AGABITI, Pietro Paolo
Italian painter and possible woodcutter. He spent his early years in Sassoferrato, where his family owned a ceramics workshop. Around 1497 he probably visited the Veneto region, since his Virgin and Child with Saints (Padua, Museo Civico) painted that year shows the strong influence of painters active there such as Cima da Conegliano. The painting also reflects the Bolognese style of Francesco Francia and that of the Romagnian Marco Palmezzano. In Venice, Agabiti may have made woodcuts after the illustrations for Francesco Colonna’s Hypnerotomachia Poliphili (Venice, 1499). By 1502 he had returned to the Marches, where he executed a painting (untraced) for San Rocco, Jesi, the town where in 1507 he is documented as residing. After 1510 he was again in Sassoferrato, where in 1511 he signed and dated both the Virgin and Child Enthroned with Saints (Sassoferrato, Galleria Civica d’Arte Moderna) and the Nativity in Santa Maria del Piano. In 1518, for the same church, he signed and dated an altarpiece depicting the Virgin and Child with SS Catherine and John the Baptist (in situ). In San Fortunato, Sassoferrato, he executed the Virgin and Child with Saints (1521; in situ), in which the influence of Marco Palmezzano is even more evident.
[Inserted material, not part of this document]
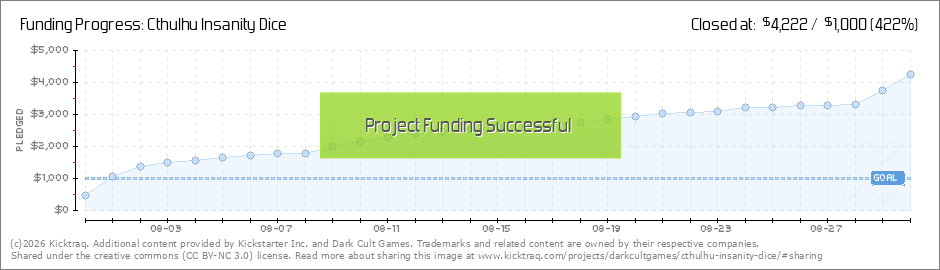 Tomorrow marks the 1 week mark and we are currently just over 170% funded. A very nice start, but we can do better. I removed the pictures of the dice because of the bad art and people were thinking that was the final art. I hope everyone likes the... (Read More)

Between 1522 and 1524, in collaboration with Andrea da Jesi the younger, Agabiti executed a series of frescoes in the Palazzo di Citta, Jesi. In 1524, for Santa Croce, Sassoferrato, he painted a panel with SS Benedict, Maurus and Placid on the front and SS Peter Damian and Scholastica on the rear (Fonte Avellama, Abbazia; Urbino, Palazzo Ducale). In 1528 he painted the Virgin and Child Enthroned with SS John the Baptist and Anthony (Jesi, Pinacoteca Civica). The lunette depicts St Francis Receiving the Stigmata and the predella shows the Nativity, the Adoration of the Magi and various Saints. Here the links with Cima da Conegliano and Marco Palmezzano are again in evidence, and there are also references to Carlo Crivelli’s use of colour. In 1530 Agabiti painted the Virgin and Child with Saints for the Badia, San Lorenzo in Campo. The following year he retired to the Convento dell’Eremita, Cupramontana, where he remained until his death.
Agabiti’s work is retardataire; he did not adapt his style to suit 16th-century taste and remained instead nostalgically attached to the formal language of the 15th century.